# מתרכסנת



## dukaine

I can't find a source that recognizes this word. It's in reference to a coat

"חום-מהגוני עם שכבת בידוד שמתרכסנת פנימה כשקַר" (from סיפור אהבות by כנרת רוזנבלום)


----------



## elroy

I think it might be a typo for מתלכסנת.  I also think פנימנה should be פנימה.

חום-מהגוני עם שכבת בידוד שמתלכסנת פנימה כשקַר = mahogany brown, with an insulating layer that bends inward when it's cold 

מתלכסנת is usually "slants," but I feel like "bends" sounds better here; there may be a more fitting translation, though.


----------



## ystab

I suppose מתרכסנת from רוכסן - zipper, hence zips up, or something like that.


----------



## dukaine

ystab said:


> I suppose מתרכסנת from רוכסן - zipper, hence zips up, or something like that.


The zipper thing makes sense. You can puf a coat over your shoulders and zip from the inside before putting your arms through.


----------



## dukaine

elroy said:


> I also think פנימנה should be פנימה.


That was my typo. I fixed it. Thanks!


----------



## elroy

I still don't have a clear mental image of this.  Is it saying that you _can_ zip up the insulating layer (or "zip it inward," whatever that would mean) when it gets cold?  In other words, does מתרכסנת refer to a _property_ of the coat's insulating layer ("zippable") as opposed to something it _does_ (automatically)?


----------



## dukaine

Perhaps the insulating layer is removable, and fastens to the inside of the coat by a zipper.


----------



## elroy

Ah, that makes sense!  And I've seen those before.
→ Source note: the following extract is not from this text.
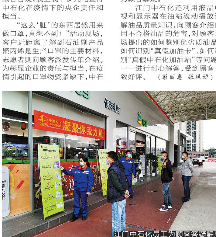
江门中石化员工为顾客答疑解惑
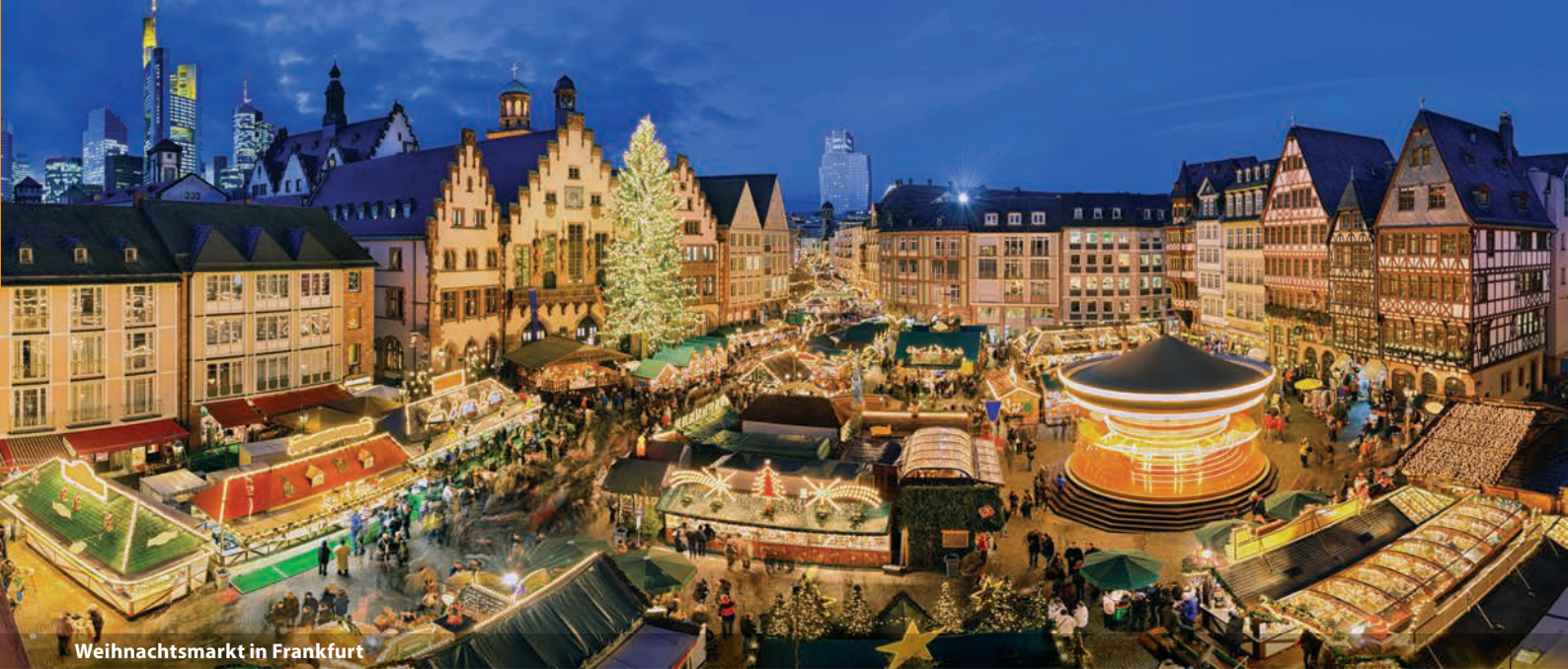
Weihnachtsmarkt in Frankfurt

So in this case it does refer to a property (something that _can_ be done rather than something that automatically happens).


----------



## dukaine

I also see now the Hebrew word for zipper plus the mit- prefix makes the word "zippable", since the mit- prefix indicates something inherent.


----------



## elroy

Not necessarily.  It can also refer to an action; for example, הוא מתנצל, "he apologizes," or הוא מתקשר, "he gets in touch," etc.  It depends on the context.  What we can say is that it _can_ map onto the English suffix _-able_ (or _-ible_), as this example shows.


----------



## dukaine

I'm aware that there are multiple indications for mit-. The one I mentioned was the most applicable. Hitpael verbs in general stand alone and need prepositions to further clarify what the verb is doing, which goes back to the idea of inherence (if that's a word).


----------